Palantir's CDC 5 Year 443M Deal Explained
Another day, another deal for Palantir.
This deal comes as the third in line of recent contracts Palantir has been able to ink. First we had the Lockheed Martin deal, followed shortly by the decade long Cleveland Clinic deal. Now we've got a new deal with CDC for five years worth $443 million. By far the largest of the three.
Now before we dive even deeper into this new partnership, or rather this partnership extension, let's take a look at the relationship Palantir has with the CDC..
So the CDC has been a pretty strong partner when it comes to getting new deals with palantir.
They've been able to implement their platform, they've been able to use their technology, and they've been able to constantly secure new deals and extensions with the CDC. Utilizing their software in different places, showing that the software is pretty powerful.
Palantir being able to get embedded within government organizations, and really get some of these important deals is not to be ignored. At the end of the day, the CDC is picking Palantir over and over again, not Snowflake, Datadog, or Data bricks.
Core KPIs For Palantir
Five-year $443 million contract will include Health and Human Services (HHS) Protect, Administration for Strategic Preparedness and Response (ASPR), Engage, Tiberius, and DCIPHER. These are all different acronyms or different programs that the CDC is working on or involved with. Palantir will develop a singular efficient vehicle so these programs can operate.
This new approach demonstrates the CDC’s leadership in driving interagency public health programs like Health and Human Services HHS. Which is kind of a subsidiary from CDC, is now going to be working with the CDC integrated into Palantir’s technology to form a single source of truth for the organizations.
It's a pretty strong collaboration with Palantir, and it's a heavy partner. At almost $100 million a year, the CDC must really appreciate the value Palantir brings.
You could imagine they're going to extend this for another 5-10 years especially if it makes them more efficient and effective or aids in stopping future potential outbreaks.

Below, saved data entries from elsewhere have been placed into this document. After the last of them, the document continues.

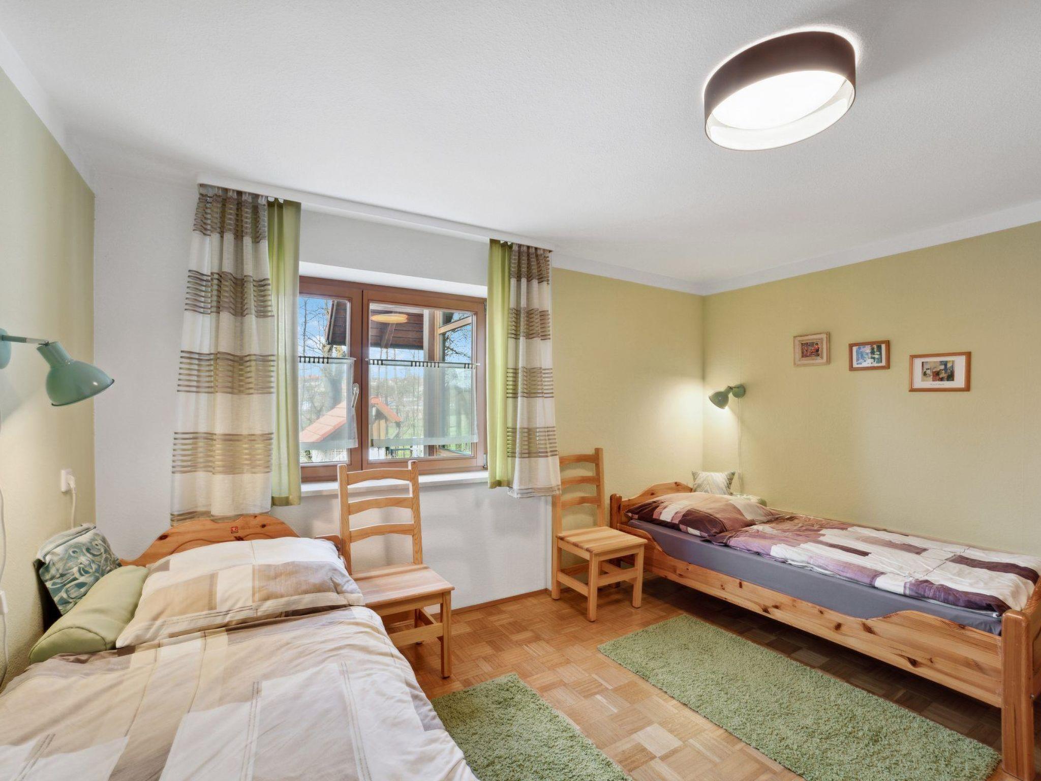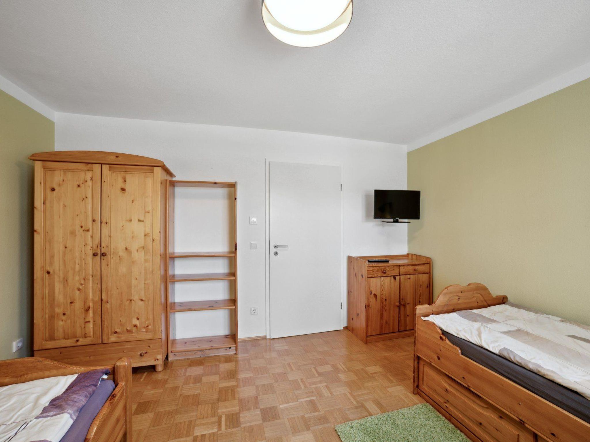 Two sturdy single beds (0.90 × 2.00 m and 1.00 × 2.00 m), wardrobe, children's toys, TV with remote control.
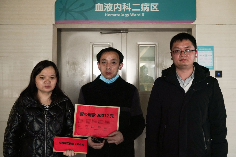 3月12日下午,党总支书记肖江淑带领学生办公室辅导员晏莉、彭虹、班主任梁彪、教师代表苏静等人前往湘雅医院进行探望,他们将前期除水滴筹、微信转账以外筹到的现金捐款32512元交到容珍父母手中。
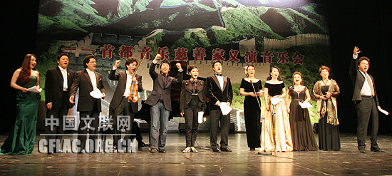 15日晚,由北京市文联、北京音协、北京市团委、北京市青少年发展基金会,北京音乐台等10余家单位携手主办的“万众一心 抗震救灾”首都音乐家慈善义演音乐会在解放军歌剧院举行。这台从策划到演出不足24小时的慈善义演阵容强大、群星璀璨,有郎朗、吕思清、戴玉强、范竞马、殷秀梅、吴碧霞、张也、金曼、尤泓斐等著名音乐家的倾力加盟,有特意从国外赶来参加演出的歌唱家张立萍、张建一等,还有得知义演消息后纷纷赶来剧场登台演唱的年轻歌唱家沈娜、王丽、张海庆等。3个多小时的演出,始终洋溢着激情与深情,演唱与演奏成为最好的仪式,以此向地震灾害中的骨肉同胞表达爱的致意。
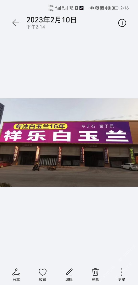 專(zhuān)營(yíng)白玉蘭、閃電,月均到貨量3000噸,大板庫(kù)存量白玉蘭10萬(wàn)平方,閃電3萬(wàn)平方
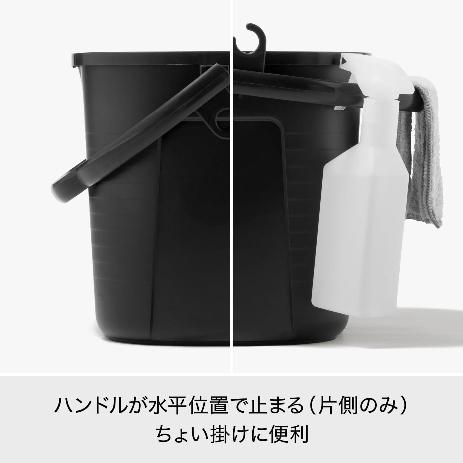 モップの幅に合わせた幅広サイズのバケツなのでモップがジャブジャブ洗える。 注ぎ口は2箇所あるので作業がしやすい。 ホース押さえが付いていて、ホースを差し込んだまま水を入れても飛び出さない。
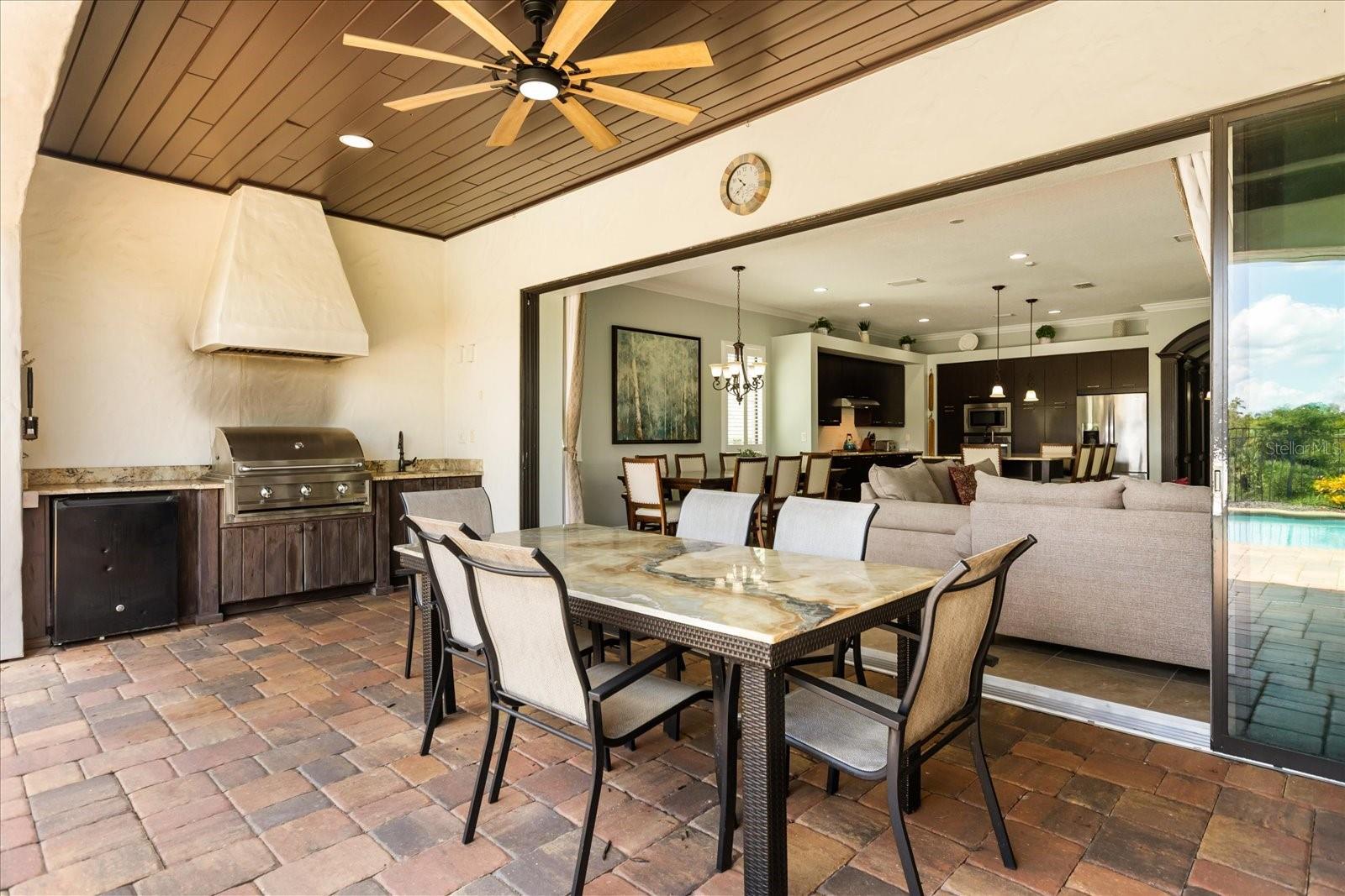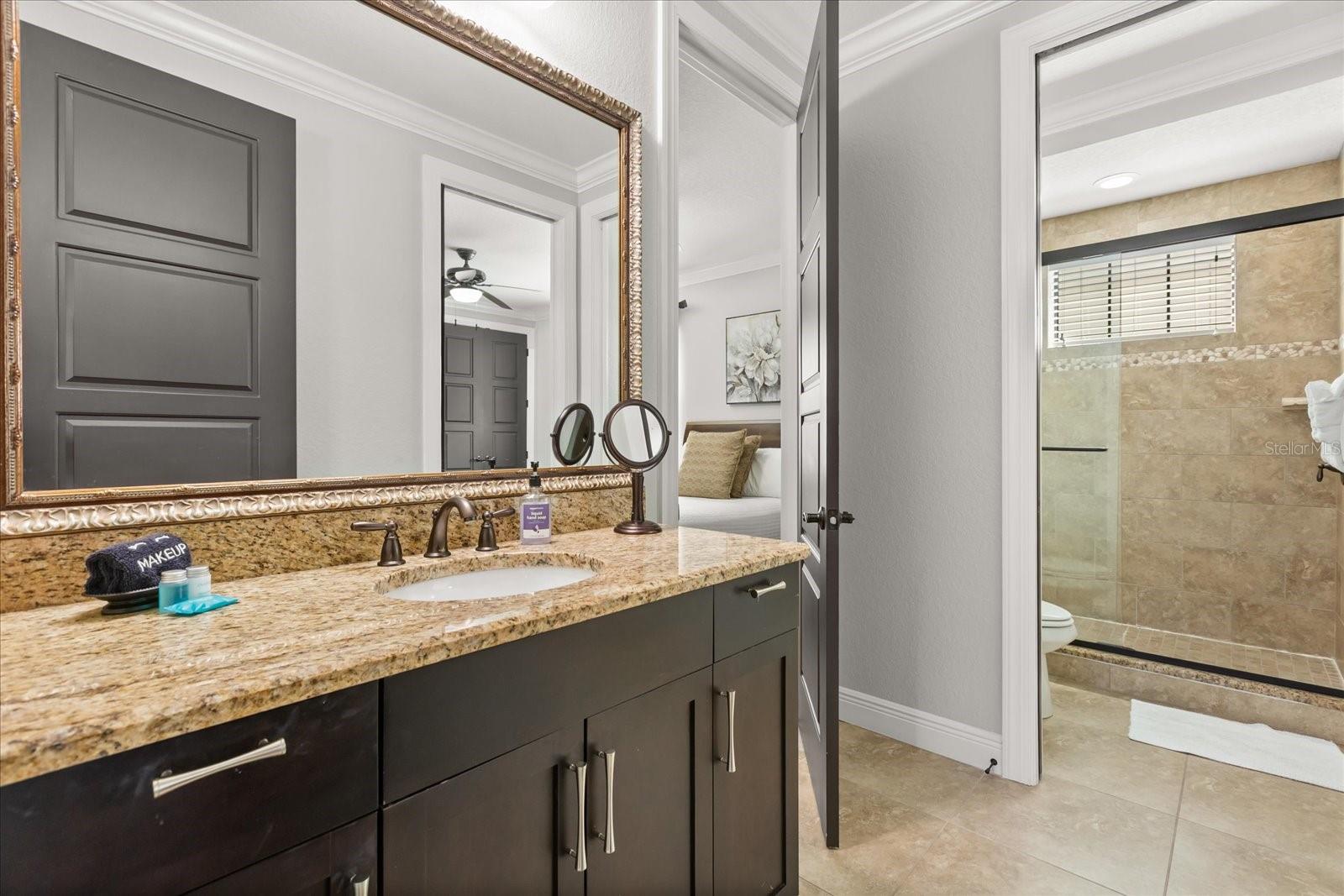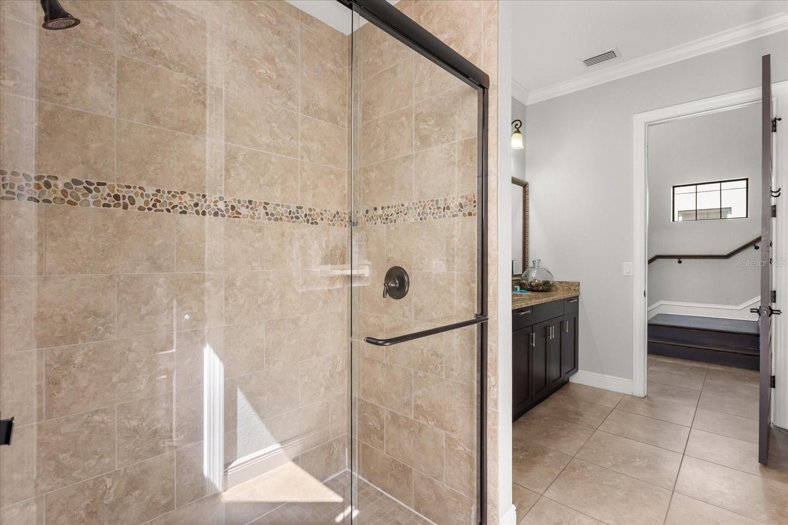 Perched along the rolling greens of the Jack Nicklaus-designed course, this 5-bedroom, 4-bath residence offers nearly 3, 300 square feet of masterfully crafted living space in one of Reunion Resort’s most coveted enclaves—Fairway Ridge. This is not your typical vacation retreat. Every inch of this custom-built home exudes personality, detail, and charm. Step inside, and the difference is immediate. A long, gallery-style entry draws the eye into the expansive great room, where light, calm hues, and refined finishes set the tone for gracious living. The surprises begin with a cleverly concealed first-floor bedroom, hidden behind a secret doorway—a detail guests will never forget. From there, a striking custom wood archway frames the open-plan living area, flowing into a chef’s kitchen designed to impress. Rich wood cabinetry, gleaming granite, stainless steel appliances, and an oversized island—large enough to have its own zip code—create a space perfect for casual mornings or elegant evenings. Tucked behind glass doors, a bespoke wine room with dedicated storage and a custom cooler makes entertaining effortless. The living room is equally well-conceived: comfortable and anchored by plantation-shuttered windows that frame views of the resort’s lush landscape. Slide open the glass doors and discover your private oasis. An expansive lanai runs the width of the home, shading you from the Florida sun, while the oversized pool and spa invite endless afternoons of swimming, lounging, and savoring uninterrupted golf course vistas. Upstairs, a wide wooden staircase introduces a generous loft and well-appointed bedrooms, including the serene master suite. Here, a walk-in closet, spa-inspired bath, and oversized shower create a true retreat. Step onto your private balcony, coffee in hand, and watch the sun rise over Reunion’s manicured fairways. This home comes fully furnished and energized with fresh paint inside and out, offering an atmosphere that is at once tranquil and inviting. Beyond your front door lies Reunion Resort’s world-class lifestyle: three Signature Golf Courses (Watson, Palmer, and Nicklaus), tennis, pickleball, member events, a state-of-the-art waterpark, and dining experiences from rooftop tapas to refined chophouse cuisine. A golf-cart-friendly community, Reunion is both vibrant and intimate, with tree-lined streets, parks, and endless opportunities to gather. Location is everything—and Reunion puts you just minutes from Orlando’s famed theme parks, shopping, and beaches. This property participates in a short-term rental program, with an ACTIVE REUNION RESORT MEMBERSHIP already in place—an added advantage for those seeking both enjoyment and investment. Rare. Refined. Ready to welcome you. Schedule your private tour today.

There are three key KPIs that the CDC wants to get out of this deal as far as I can tell:
Broad disease surveillance. Obviously COVID flipped the entire world on its edge. Global economies were halted, people's lives were upended, saying it was bad is an understatement. Palantir will be helping to prevent this type of catastrophic damage.
Outbreak response, meaning as soon as we think there's a little bit of an outbreak we can respond using real-time data and predictive modeling
Supply chain resiliency, before the inevitable outbreak does happen again, are we sure supply chains are efficient and effective.
Overall, the goal of a deal like this, which is why they're paying you know close to $500 million, is to make sure that the technology is in place to stop a pandemic from happening.
At the very least, to deal with a pandemic in a more sophisticated manner if it does overwhelm us again. As you know, the world was not prepared, much less the United States, to be able to take on the challenges that COVID presented.
Let's end on this quote from Hirsh Jain, Head of Public Health Federal at Palantir:
“Palantir is extremely proud to continue its partnership with the CDC, ASPR, and HHS to strengthen America's Public Health infrastructure through leading-edge preparedness technology”
“This contract solidifies the important digital advancements in public health made during the pandemic and expands the CDC's capacity to create a sustainable and long-term approach Beyond COVID-19.”
One thing is for certain - not many companies are getting called on by the CDC to lay the infrastructure to protect against the next public health crisis.